Wie man ein politisches Startup baut

Es sind bewegte politische Zeiten – nicht nur wegen der überraschenden Wahlerfolge populistischer Politiker wie Donald Trump, Nigel Farage oder Jair Bolsonaro.

In Deutschland haben wir den Rauswurf und Wiedereinstieg der FDP in den Deutschen Bundestag gesehen und den Einzug der AfD in fast alle Parlamente. Auch andere Parteien wie die Piratenpartei konnten kurzfristig beachtliche Wahlerfolge erzielen – stets auf Kosten der Volksparteien, die immer weniger Stimmen auf sich vereinen. Das Parteiensystem ist volatiler geworden.

Diesen „politischen Entrepreneuren“, neuen politischen Parteien, die das etablierte Parteiensystem disruptieren, widmet sich ein neues Buch von Josef Lentsch, Geschäftsführer des Berliner „Innovation in Politics“-Instituts.

Dabei konzentriert sich Lentsch auf liberale Politik-Startups wie die österreichische Partei NEOS, deren Mitgründer Lentsch ist. Daneben befasst sich das Buch außerdem mit Emmanuel Macrons Partei En Marché, der spanischen Cuidadanos-Partei, Momentum aus Ungarn, der polnischen Nowoczesna, Progresívne aus der Slowakei und Jesh Atid aus Israel.

Die Allegorie eines „politischen Start-Ups“ trägt freilich nur bis zu einem bestimmten Punkt – eine politische Partei ist schließlich keine E-Scooter-Firma und Externalitäten wie unterschiedliche politische Kulturen, Wahlsysteme und Institutionen prägen den Erfolg oder Mißerfolg einer neuen politischen Partei wesentlich deutlicher als das Wirtschaftssystem den Erfolg eines Start-Ups.

Dennoch trifft Lentsch mit seinem Buch einen wichtigen Punkt: neue politische Parteien ähneln heute vielmehr Bewegungen als Massenorganisationen und Populisten waren bislang erfolgreicher darin, diese Tatsache für sich zu nutzen. „Political Entrepreneurship“ ist der unterstützenswerte Versuch, progressiven Bewegungen zu einem ähnlichen Erfolg an der Urne zu verhelfen.

Ein Modell könnte nach Meinung des Sozialwissenschaftlers Harald Katzmair das Prinzip „one party, many places“ sein, nach dem auch die amerikanischen Mega-Kirchen organisiert seien. Im Zentrum dieses Organisationsmodells stehen lokale Gruppen, die jedoch durch Fortbildungen und regelmäßige Gottesdienste an die Zentrale gebunden werden.

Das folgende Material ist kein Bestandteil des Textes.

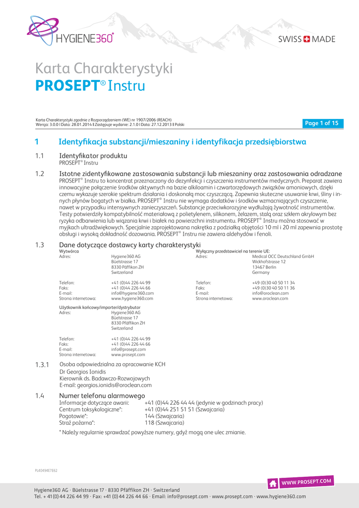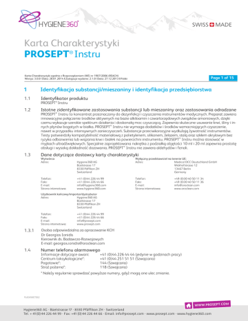 Karta Charakterystyki PROSEPT® Instru Karta Charakterystyki zgodnie z Rozporządzeniem (WE) nr 1907/2006 (REACH) Wersja: 3.0.0 | Data: 28.01.2014 || Zastępuje wydanie: 2.1.0 | Data: 27.12.2013 || Polski Page 1 of 15 1 Identyfikacja substancji/mieszaniny i identyfikacja przedsiębiorstwa 1.1 Identyfikator produktu PROSEPT® Instru 1.2 Istotne zidentyfikowane zastosowania substancji lub mieszaniny oraz zastosowania odradzane PROSEPT® Instru to koncentrat przeznaczony do dezynfekcji i czyszczenia instrumentów medycznych. Preparat zawiera innowacyjne połączenie środków aktywnych na bazie alkiloamin i czwartorzędowych związków amoniowych, dzięki czemu wykazuje szerokie spektrum działania i doskonałą moc czyszczącą. Zapewnia skuteczne usuwanie krwi, śliny i in nych płynów bogatych w białka. PROSEPT® Instru nie wymaga dodatków i środków wzmacniających czyszczenie, nawet w przypadku intensywnych zanieczyszczeń. Substancje przeciwkorozyjne wydłużają żywotność instrumentów. Testy potwierdziły kompatybilność materiałową z polietylenem, silikonem, żelazem, stalą oraz szkłem akrylowym bez ryzyka odbarwienia lub wiązania krwi i białek na powierzchni instrumentu. PROSEPT® Instru można stosować w myjkach ultradźwiękowych. Specjalnie zaprojektowana nakrętka z podziałką objętości 10 ml i 20 ml zapewnia prostotę obsługi i wysoką dokładność dozowania. PROSEPT® Instru nie zawiera aldehydów i fenoli. 1.3 Dane dotyczące dostawcy karty charakterystyki Wytwórca Adres: Telefon: Faks: Email: Strona internetowa: Hygiene360 AG Büelstrasse 17 8330 Päffikon ZH Switzerland Wyłączny przedstawiciel na terenie UE: Adres: Medical OCC Deutschland GmbH Wickhofstrasse 12 13467 Berlin Germany +41 (0)44 226 44 99 +41 (0)44 226 44 66 info@hygiene360.com www.hygiene360.com Telefon: Faks: Email: Strona internetowa: +49 (0)30 40 50 11 34 +49 (0)30 40 50 11 36 info@oroclean.com www.oroclean.com Użytkownik końcowy/importer/dystrybutor Adres: Hygiene360 AG Büelstrasse 17 8330 Pfäffikon ZH Switzerland Telefon: Faks: Email: Strona internetowa: +41 (0)44 226 44 99 +41 (0)44 226 44 66 info@prosept.com www.prosept.com 1.3.1 Osoba odpowiedzialna za opracowanie KCH Dr Georgios Ionidis Kierownik ds. BadawczoRozwojowych Email: georgios.ionidis@oroclean.com 1.4 Numer telefonu alarmowego Informacje dotyczące awarii: Centrum toksykologiczne*: Pogotowie*: Straż pożarna*: +41 (0)44 226 44 44 (jedynie w godzinach pracy) +41 (0)44 251 51 51 (Szwajcaria) 144 (Szwajcaria) 118 (Szwajcaria) * Należy regularnie sprawdzać powyższe numery, gdyż mogą one ulec zmianie. PL40494E7E62 Server Error in '/' Application. Hygiene360 AG · Büelstrasse 17 · 8330 Pfäffikon ZH · Switzerland Tel. + 41 (0) 44 226 44 99 · Fax: +41 (0) 44 226 44 66 · Email: [email protected] · www.prosept.com · www.hygiene360.com Karta Charakterystyki PROSEPT® Instru Karta Charakterystyki zgodnie z Rozporządzeniem (WE) nr 1907/2006 (REACH) Wersja: 3.0.0 | Data: 28.01.2014 || Zastępuje wydanie: 2.1.0 | Data: 27.12.2013 || Polski 2 Identyfikacja zagrożeń 2.1 Klasyfikacja substancji lub mieszaniny 2.1.1 Klasyfikacja zgodnie z Dyrektywą 1999/45/WE Page 2 of 15 C: Substancja żrąca N: Działanie szkodliwe dla środowiska R34 Powoduje oparzenia. R50 Działa bardzo toksycznie na organizmy wodne. 2.2 Elementy oznakowania 2.2.1 Oznakowanie zgodnie z Dyrektywą 1999/45/WE Symbol: C: Substancja żrąca N: Działanie szkodliwe dla środowiska Zwroty R: R34 Powoduje oparzenia. R50 Działa bardzo toksycznie na organizmy wodne. Zwroty S: S2 Chronić przed dziećmi. S26 Zanieczyszczone oczy przemyć natychmiast dużą ilością wody i zasięgnąć porady lekarza. S28 Zanieczyszczoną skórę natychmiast przemyć dużą ilością wody. S37/39 Nosić odpowiednie rękawice ochronne i okulary lub ochronę twarzy. S46 W razie połknięcia niezwłocznie zasięgnij porady lekarza – pokaż opakowanie lub etykietę. 2.3 Inne zagrożenia Niniejsza mieszanina nie należy do kategorii PBT lub vPvB zgodnie z REACH, aneks XIII. 3 Skład / Informacja o składnikach 3.1 Substancje Niniejszy produkt jest mieszaniną (patrz część 3.2). 3.2 Mieszaniny PL40494E7E62 Server Error in '/' Application. Hygiene360 AG · Büelstrasse 17 · 8330 Pfäffikon ZH · Switzerland Tel. + 41 (0) 44 226 44 99 · Fax: +41 (0) 44 226 44 66 · Email: [email protected] · www.prosept.com · www.hygiene360.com Karta Charakterystyki PROSEPT® Instru Karta Charakterystyki zgodnie z Rozporządzeniem (WE) nr 1907/2006 (REACH) Wersja: 3.0.0 | Data: 28.01.2014 || Zastępuje wydanie: 2.1.0 | Data: 27.12.2013 || Polski 3.2.1 Page 3 of 15 Niebezpieczne składniki Klasyfikacja zgodnie z Dyrektywą 67/548/EWG Nazwa Numer CAS Numer EINECS Numer in deksu Numer REACH Symbole zagrożeń: Zwroty R: Stężenie N(3aminopropylo)Ndode 2372829 cylopropano1,3–diamina 2191458 n.a. 05211587494331 0000 C, N R22, R34, R50 5% < 15% chlorek didecylodimetyloa monu 7173515 2305252 612131006 05211577276532 0000 C, N R22, R34, R50 2.5% < 5% Isotridecanol, ethoxylated 69011365 5002416 n.a. 05211595665925 0000 Xi R22, R41 2.5% < 5% Numer REACH Kategorie zagrożeń Zwroty wskazujące rodzaj zagrożeni Stężenie Klasyfikacja zgodnie z Rozporządzeniem (WE) nr 1272/2008 Nazwa 3.2.2 Numer CAS Numer EINECS Numer in deksu N(3aminopropylo)Ndode 2372829 cylopropano1,3–diamina 2191458 n.a. 05211587494331 0000 Acute Tox. 3, Skin Corr. H301, H314, 1B, STOT RE 2, Aquatic H373, H400, Acute 1, Aquatic H410 Chronic 1 5% < 15% chlorek didecylodimetyloa monu 7173515 2305252 61213100 05211577276532 6 0000 Acute Tox. 4, Skin Corr. H302, H314, 1B, Aquatic Acute 1 H400 2.5% < 5% Isotridecanol, ethoxylated 69011365 5002416 n.a. 05211595665925 0000 Acute Tox. 4, Eye Dam H302, H318, age 1 2.5% < 5% Informacje dodatkowe Pełen tekst wymienionych zwrotów R i H podano w części 16 . 4 Środki pierwszej pomocy 4.1 Opis środków pierwszej pomocy 4.1.1 Zalecenia ogólne Zapewnić środki ochrony. Stosowa

Auch wenn sich Lentsch auf neue politische Parteien fokussiert: die großen Volksparteien können ebenfalls von politischen Start-Ups lernen. Überhaupt: trotz aller verfrühten Nachrufe sind auch Volksparteien wandlungsfähiger als manche glauben – das zeigt nicht nur die Entwicklung der CDU unter Angela Merkel, sondern auch der Dritte Weg der Sozialdemokratie (auch wenn man zu Recht sagen könnte, dass der Dritte Weg in kaum einem Land nachhaltigen Erfolg hatte).

„There is no right or wrong way“, schreibt Lentsch und an manchen Stellen bleibt das Buch tatsächlich im Ungefähren. „Public opinion, and pollsters who measure it, have to be constantly cultivated“, zitiert Lentsch einen Berater etwa, ohne genauer zu erläutern, was unter dem „kultivieren“ von Beziehungen zu Meinungsforschern zu verstehen ist.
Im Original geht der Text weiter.